Al verme sin hablar, Snow ya no se centró en mí sino que le pidió a Crystal que se sentara a un lado para comenzar el diagnóstico, mientras yo descansaba en el sofá, observando su consulta.
Justo entonces, escuché la voz de un niño que venía de otra habitación, hablando en inglés, probablemente quejándose de perder un juego.
Al oír esto, Snow se volvió y habló amablemente hacia la puerta de una habitación:
—Harvey, ¿no le prometiste a mamá que comenzarías a estudiar chino después de terminar ese juego? ¿Lo olvidaste?
Luego vino el chino torpe del niño:
—Lo sé, mamá.
También me giré para mirar esa puerta, pero nadie salió. En cambio, el niño continuó practicando sus habilidades orales en chino, sonando como de seis o siete años, todavía muy inmaduro.

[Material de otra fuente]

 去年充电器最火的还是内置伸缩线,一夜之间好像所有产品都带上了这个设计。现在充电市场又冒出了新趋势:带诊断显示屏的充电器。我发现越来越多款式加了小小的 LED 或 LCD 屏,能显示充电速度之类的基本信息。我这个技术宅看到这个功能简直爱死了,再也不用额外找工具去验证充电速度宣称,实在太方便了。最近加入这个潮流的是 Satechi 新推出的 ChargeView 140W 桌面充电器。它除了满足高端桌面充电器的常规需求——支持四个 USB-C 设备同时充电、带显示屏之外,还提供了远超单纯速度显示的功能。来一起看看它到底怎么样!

—Continuemos —la obediencia del niño pareció complacer enormemente a Snow, y su voz se volvió aún más suave al hablar con Crystal—. Acuéstate y levántate la ropa, déjame revisarte el abdomen.
Siguiendo las instrucciones, Crystal se acostó y cooperó obedientemente con el examen.

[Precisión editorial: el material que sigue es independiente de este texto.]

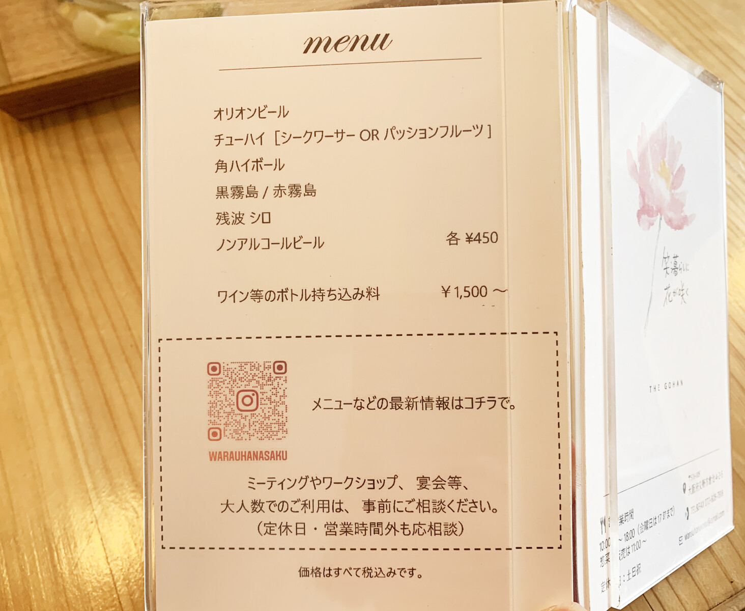 店主さんは沖縄料理のお店にお勤めされていたこともあるそうで、メニューには沖縄料理も。

Observé silenciosamente cada movimiento de Snow. No parecía alta, tal vez unos 160cm, esbelta, con su cabello negro suelto, muy sedoso y brillante. A juzgar por el pequeño trozo visible de piel en su rostro y sus manos, tenía la piel muy blanca.
Estoy bastante segura de que no conozco a esta persona, pero no pude evitar prestarle especial atención.
Después de un rato, la consulta terminó. Snow no dijo mucho, solo sacó papel y bolígrafo para recetar medicamentos de una manera muy primitiva y simple. Crystal se inclinó curiosa para mirar pero fue bloqueada.
Snow sonrió:
—Haré que alguien prepare la medicina para ti, solo necesitas cocerla y tomarla tres veces al día durante aproximadamente medio mes.
Parecía alguna receta secreta porque Crystal asintió felizmente en acuerdo.
Después de terminar la receta de Crystal, Snow de repente me miró:
—Señorita, no te ves bien. ¿Realmente no quieres un chequeo? No me refiero a nada más. Es solo que acabo de regresar al país y necesito dinero, y mi tarifa de consulta es muy alta, la receta aún más. ¿Te gustaría probar?
Fruncí el ceño ligeramente y luego relajé mi expresión:
—Claro, probemos.
Snow inmediatamente vino a sentarse a mi lado, extendiendo su mano para tomarme el pulso, y noté un tatuaje de la letra mayúscula H en la base de su pulgar.
Miré fijamente esa letra, y Snow pareció sentir mi atención. Explicó con calma:
—La H es la inicial del nombre de mi hijo, su nombre es Harvey.
—Hmm, eres una buena madre —me di cuenta de mi falta de cortesía. Incluso si dudaba de sus habilidades, no tenía pruebas ni necesidad de examinar cada pequeño detalle.
La voz de Snow llevaba un toque de risa:
—Sí, mi hijo lo es todo para mí. Lo crié sola, él es mi alma y corazón.
—¿Qué hay de su papá? —no pude evitar soltar.
—Su papá y yo tuvimos algunos desacuerdos y nunca estuvimos juntos —el tono de Snow tenía un toque de arrepentimiento—. Ahora el niño quiere encontrar a su papá, así que regresé al país, esperando que puedan conocerse. Si puedo darle una familia completa, estoy dispuesta a comprometerme.
Crystal y yo intercambiamos miradas, sin esperar esta historia de la Dra. Snow.
¿Quién podría ser el padre de su hijo?